You have the following rights in relation to your personal data:

  • Right to Access: You have the right to request a copy of the personal data we hold about you.
  • Right to Rectification: You can request corrections to any inaccurate or incomplete personal data we hold about you.
  • Right to Erasure: In certain circumstances, you can request the deletion of your personal data. This may not apply if we are required to retain the data for legal or contractual reasons.
  • Right to Restrict Processing: You can request that we restrict the processing of your personal data in certain circumstances, for example, if you believe the data is inaccurate or processed unlawfully.
  • Right to Data Portability: You can request a copy of your personal data in a structured, commonly used, and machine-readable format.
  • Right to Object: You can object to the processing of your personal data in certain circumstances, particularly when we process data based on legitimate interests.
  • Right to Withdraw Consent: If we process your data based on consent, you have the right to withdraw that consent at any time.

If you wish to exercise any of these rights, please contact us using the contact details provided below.

7. Data Security

We take the security of your personal data seriously and use appropriate technical and organizational measures to protect it against unauthorized access, loss, or destruction. This includes using encryption, firewalls, secure servers, and access control mechanisms.

However, please note that no method of data transmission over the internet or electronic storage is entirely secure. While we strive to protect your personal data, we cannot guarantee absolute security.

8. Cookies and Tracking Technologies

We use cookies and similar tracking technologies to enhance your experience on our website, analyze how our website is used, and improve our services. Cookies are small text files that are stored on your device.

You can control and manage cookies through your browser settings. However, please note that blocking certain cookies may affect the functionality of the website.

For more details on how we use cookies, please refer to our Cookie Policy.

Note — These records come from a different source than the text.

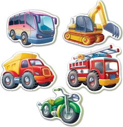 Dette sæt indeholder fem progressive puslespil med motiver af populære køretøjer – fra bus til brandbil. Takket være den gradvist øgede sværhedsgrad (3, 4 og 5 brikker) træner børn naturligt logisk tænkning og tålmodighed. Glade farver og venlige illustrationer fastholder deres opmærksomhed og styrker glæden ved at opdage.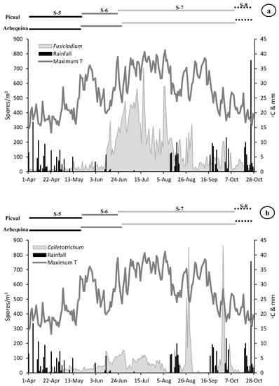 Dinamycs of the Fusicladium (a), Colletotrichum (b) and Pseudocercospora (c) aerobiological fungal spores (grey area) and daily meteorological parameters (maximum temperature in lines and rainfall in bars). On the top, length of the main phenological stages for Arbequina and Picual varieties (S5-Stage 5: Inflorescence emergence, S6-Stage 6: Flowering, S7-Stage 7: Fruit development and S8-Stage 8: Maturity of fruit).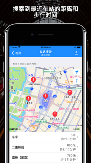 3、显示步行时间和到最近车站的出租车价格,还可很容易地搜索到上班、上学或其他目的地的路线。
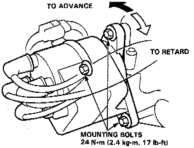 5. If it is necessary to adjust the ignition timing, loosen the distributor mounting bolts, and turn the distributor housing counterclockwise to advance the timing, or clockwise to retard the timing.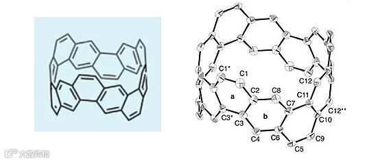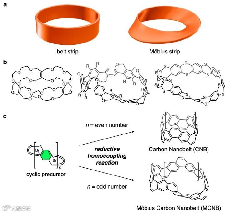 莫比乌斯带,作为不可定向曲面中最简单的一个例子,只有一个面(即单侧曲面)。具有莫比乌斯结构的芳香分子也吸引了合成化学家们的兴趣。1982年,第一例具有莫比乌斯结构的双链非共轭分子被Walba等人报道出来(下图b左)。随后Harges等人在2003年实现了单链莫比乌斯芳香分子的合成,Grażyński和Osuka对莫比乌斯芳香性做出了进一步的研究探索。尽管有多种类型的单股莫比乌斯分子被合成出来,但双股且具有芳香性的莫比乌斯分子由于存在较大的合成难度,对其的研究仍然受到较大的限制。如下图b(中、右)所示,饱和的连接单元(-CH2O-)或者硫族元素(-S-)对减少结构张力起了较大的作用。即使具有莫比乌斯结构的碳纳米带分子在上个世纪90年代就被理论预测出来,然而想要合成这种全共轭结构的纳米碳分子,仍需要合成技术的进一步发展。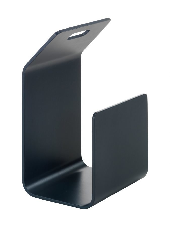 Pancho Nikanderin vuonna 2004 suunnittelema kekseliäs kantoteline on taivutettua koivuvaneria. Mitat 56,5 x 34 x 28,3 cm.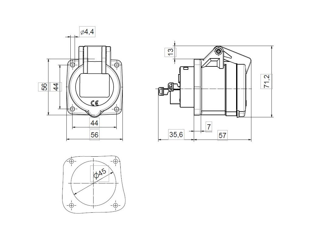 CEE zásuvka vestavná přímá, Quick-Connect 16A 3p (2P+PE) 230V (200 do 250V~) 6h IP44 frekvence: 50 a 60Hz kód barvy: modrá RAL 5015 kontakty: nosič kontaktů je vyroben z polyamidu, kontakty jsou vyrobeny z mosazi maximální průřez vodiče: 4,0 mm2 materiál krytu: polyamid způsob připojení: bezšroubové pružinové klecové svorky barva: víčko sklopné modré, kryt šedý rozměr příruby: svisle 56 mm, vodorovně 56 mm rozteč montážních otvorů: vodorovně 44 mm, svisle 44 mm rozměry: výška 89 mm, šířka 56 mm, hloubka 72 mm další technické vlastnosti: bezšroubové připojení vodičů QUICK-CONNECT je ověřený, trvanlivý, bezpečný a zcela bezúdržbový systém odolný proti nárazům, vibracím a výkyvům teplot. QUICK-CONNECT s optimálně nastaveným přítlakem svorky na připojovaný vodič zcela eliminuje nedostatky šroubových spojení (možnost přetažení, nebo nedotažení šroubků, slaněné vodiče není třeba ukončovat dutinkami) barevné označení vstupů, pro správné zapojení jednotlivých vodičů (dodržení sledu fází u třífázové elektrické soustavy)Doplňkové parametry

9. International Transfers of Data

As a UK-based company, we process personal data primarily within the UK. However, some of our third-party service providers may be based outside the UK or European Economic Area (EEA). If your data is transferred outside the UK or EEA, we ensure that the recipient has adequate safeguards in place, such as Standard Contractual Clauses, to protect your data.

10. Updates to This Privacy Policy

We may update this Privacy Policy from time to time. Any changes will be posted on this page with an updated “Last Updated” date. We encourage you to review this Privacy Policy periodically to stay informed about how we are protecting your personal data.